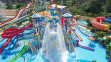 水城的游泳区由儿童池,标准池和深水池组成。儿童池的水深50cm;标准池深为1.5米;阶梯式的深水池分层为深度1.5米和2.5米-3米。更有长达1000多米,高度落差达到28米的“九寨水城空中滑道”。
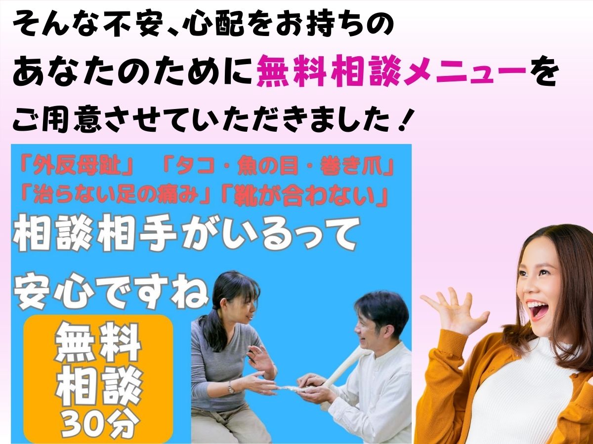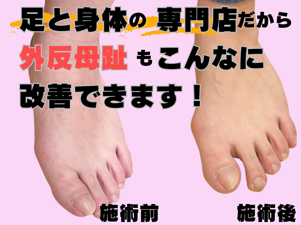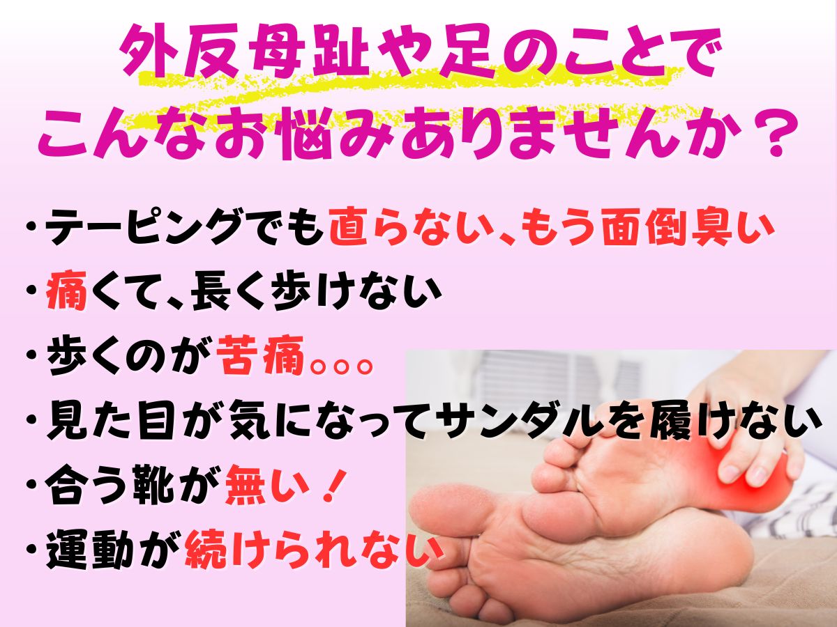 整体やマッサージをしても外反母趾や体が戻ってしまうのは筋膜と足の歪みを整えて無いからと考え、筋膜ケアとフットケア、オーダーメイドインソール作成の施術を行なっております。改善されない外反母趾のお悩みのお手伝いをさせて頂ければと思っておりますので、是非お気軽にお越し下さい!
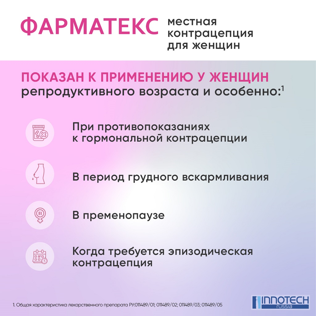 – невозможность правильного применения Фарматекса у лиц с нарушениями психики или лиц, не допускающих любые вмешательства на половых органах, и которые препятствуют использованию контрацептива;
════
- TASK ITEM
What is needed is an exact copy of each line from the top of the data above through the line containing "整体やマッサージをしても外反", with no pictures.

- ANSWER TO THE PROBLEM
 水城的游泳区由儿童池,标准池和深水池组成。儿童池的水深50cm;标准池深为1.5米;阶梯式的深水池分层为深度1.5米和2.5米-3米。更有长达1000多米,高度落差达到28米的“九寨水城空中滑道”。
 整体やマッサージをしても外反母趾や体が戻ってしまうのは筋膜と足の歪みを整えて無いからと考え、筋膜ケアとフットケア、オーダーメイドインソール作成の施術を行なっております。改善されない外反母趾のお悩みのお手伝いをさせて頂ければと思っておりますので、是非お気軽にお越し下さい!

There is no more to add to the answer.